ACTIVITY: Among the entries below, find each line with "autumn" and show it.

DATASET RECORDS:
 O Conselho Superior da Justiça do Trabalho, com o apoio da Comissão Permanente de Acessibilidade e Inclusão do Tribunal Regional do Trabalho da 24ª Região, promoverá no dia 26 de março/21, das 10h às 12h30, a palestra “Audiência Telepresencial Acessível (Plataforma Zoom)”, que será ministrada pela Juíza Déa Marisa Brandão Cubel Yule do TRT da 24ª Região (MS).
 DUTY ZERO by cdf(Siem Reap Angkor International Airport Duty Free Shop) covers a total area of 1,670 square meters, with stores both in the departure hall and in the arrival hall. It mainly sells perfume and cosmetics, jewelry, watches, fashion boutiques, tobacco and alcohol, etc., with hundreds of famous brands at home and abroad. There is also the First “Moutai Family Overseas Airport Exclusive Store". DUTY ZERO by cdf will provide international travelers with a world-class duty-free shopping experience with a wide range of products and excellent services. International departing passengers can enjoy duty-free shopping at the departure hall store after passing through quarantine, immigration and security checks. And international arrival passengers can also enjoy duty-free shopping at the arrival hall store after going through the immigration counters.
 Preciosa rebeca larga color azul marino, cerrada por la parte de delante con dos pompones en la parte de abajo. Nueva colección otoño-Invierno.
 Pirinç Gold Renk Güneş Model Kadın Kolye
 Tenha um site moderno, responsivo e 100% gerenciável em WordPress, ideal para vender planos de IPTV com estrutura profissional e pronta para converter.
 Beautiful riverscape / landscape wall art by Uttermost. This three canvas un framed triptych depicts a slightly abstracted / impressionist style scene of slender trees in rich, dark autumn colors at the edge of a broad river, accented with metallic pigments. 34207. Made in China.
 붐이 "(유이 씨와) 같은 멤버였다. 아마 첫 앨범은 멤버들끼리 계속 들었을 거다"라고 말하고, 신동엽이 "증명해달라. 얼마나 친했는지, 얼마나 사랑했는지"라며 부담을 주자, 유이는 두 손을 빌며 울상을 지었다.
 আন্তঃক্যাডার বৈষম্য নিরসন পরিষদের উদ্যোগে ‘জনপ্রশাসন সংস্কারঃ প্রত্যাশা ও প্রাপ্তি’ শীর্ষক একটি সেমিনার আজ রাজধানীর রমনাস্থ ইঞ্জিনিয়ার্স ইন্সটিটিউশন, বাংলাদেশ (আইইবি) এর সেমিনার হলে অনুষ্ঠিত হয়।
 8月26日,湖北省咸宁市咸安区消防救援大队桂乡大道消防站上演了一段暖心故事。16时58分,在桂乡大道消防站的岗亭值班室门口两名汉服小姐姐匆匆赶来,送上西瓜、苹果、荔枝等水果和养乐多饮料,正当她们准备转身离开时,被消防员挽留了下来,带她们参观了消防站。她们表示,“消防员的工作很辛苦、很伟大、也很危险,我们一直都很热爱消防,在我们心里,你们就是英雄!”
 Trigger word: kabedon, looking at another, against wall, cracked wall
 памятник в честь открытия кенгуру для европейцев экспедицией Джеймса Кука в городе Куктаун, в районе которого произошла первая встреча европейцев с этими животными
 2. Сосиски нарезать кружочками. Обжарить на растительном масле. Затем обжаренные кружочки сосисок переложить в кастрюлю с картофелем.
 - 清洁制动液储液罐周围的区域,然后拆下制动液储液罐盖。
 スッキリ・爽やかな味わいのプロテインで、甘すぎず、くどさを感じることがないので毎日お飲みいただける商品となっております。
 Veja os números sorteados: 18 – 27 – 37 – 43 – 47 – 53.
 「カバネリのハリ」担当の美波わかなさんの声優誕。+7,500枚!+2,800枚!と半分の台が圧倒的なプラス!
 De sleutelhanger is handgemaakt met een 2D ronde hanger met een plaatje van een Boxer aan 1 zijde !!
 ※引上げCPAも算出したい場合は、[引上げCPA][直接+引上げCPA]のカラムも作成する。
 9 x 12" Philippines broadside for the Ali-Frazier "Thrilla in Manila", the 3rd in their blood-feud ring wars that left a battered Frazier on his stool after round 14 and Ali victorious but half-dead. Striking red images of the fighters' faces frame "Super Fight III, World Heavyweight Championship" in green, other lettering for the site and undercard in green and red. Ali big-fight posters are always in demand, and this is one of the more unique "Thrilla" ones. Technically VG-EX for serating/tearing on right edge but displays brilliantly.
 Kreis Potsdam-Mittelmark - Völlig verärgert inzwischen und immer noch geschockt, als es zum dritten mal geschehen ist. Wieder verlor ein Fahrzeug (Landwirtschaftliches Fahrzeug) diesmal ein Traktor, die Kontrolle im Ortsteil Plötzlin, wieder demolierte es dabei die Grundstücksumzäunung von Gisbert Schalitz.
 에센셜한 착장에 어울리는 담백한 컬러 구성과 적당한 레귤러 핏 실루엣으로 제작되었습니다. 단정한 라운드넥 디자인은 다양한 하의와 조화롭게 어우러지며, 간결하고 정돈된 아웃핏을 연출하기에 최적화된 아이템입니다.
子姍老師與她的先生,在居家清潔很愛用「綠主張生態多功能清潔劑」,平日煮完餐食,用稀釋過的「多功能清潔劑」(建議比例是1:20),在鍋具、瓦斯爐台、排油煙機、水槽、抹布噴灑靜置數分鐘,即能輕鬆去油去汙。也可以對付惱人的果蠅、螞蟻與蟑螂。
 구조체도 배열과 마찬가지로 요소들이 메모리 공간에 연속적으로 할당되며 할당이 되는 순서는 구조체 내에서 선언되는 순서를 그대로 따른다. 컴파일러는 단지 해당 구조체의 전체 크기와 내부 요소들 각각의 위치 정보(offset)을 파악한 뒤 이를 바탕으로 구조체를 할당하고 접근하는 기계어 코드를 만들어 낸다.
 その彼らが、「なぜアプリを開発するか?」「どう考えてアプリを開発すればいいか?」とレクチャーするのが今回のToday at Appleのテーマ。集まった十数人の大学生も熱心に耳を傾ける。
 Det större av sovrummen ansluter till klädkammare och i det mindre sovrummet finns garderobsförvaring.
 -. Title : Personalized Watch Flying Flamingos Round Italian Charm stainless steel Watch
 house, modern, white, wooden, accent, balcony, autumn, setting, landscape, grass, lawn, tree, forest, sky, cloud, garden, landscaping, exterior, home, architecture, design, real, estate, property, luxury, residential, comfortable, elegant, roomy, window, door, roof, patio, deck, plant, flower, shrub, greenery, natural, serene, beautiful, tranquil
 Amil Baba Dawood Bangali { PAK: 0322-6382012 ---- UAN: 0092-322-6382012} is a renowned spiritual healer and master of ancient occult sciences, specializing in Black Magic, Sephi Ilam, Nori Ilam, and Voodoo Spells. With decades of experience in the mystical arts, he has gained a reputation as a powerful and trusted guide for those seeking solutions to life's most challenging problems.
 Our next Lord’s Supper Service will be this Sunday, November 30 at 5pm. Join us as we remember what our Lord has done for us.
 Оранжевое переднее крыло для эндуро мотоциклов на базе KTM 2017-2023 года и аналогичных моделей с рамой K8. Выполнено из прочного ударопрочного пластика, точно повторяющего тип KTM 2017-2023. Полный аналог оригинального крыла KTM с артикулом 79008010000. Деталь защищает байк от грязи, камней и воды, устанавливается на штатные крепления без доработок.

SOLUTION:
 Beautiful riverscape / landscape wall art by Uttermost. This three canvas un framed triptych depicts a slightly abstracted / impressionist style scene of slender trees in rich, dark autumn colors at the edge of a broad river, accented with metallic pigments. 34207. Made in China.
 house, modern, white, wooden, accent, balcony, autumn, setting, landscape, grass, lawn, tree, forest, sky, cloud, garden, landscaping, exterior, home, architecture, design, real, estate, property, luxury, residential, comfortable, elegant, roomy, window, door, roof, patio, deck, plant, flower, shrub, greenery, natural, serene, beautiful, tranquil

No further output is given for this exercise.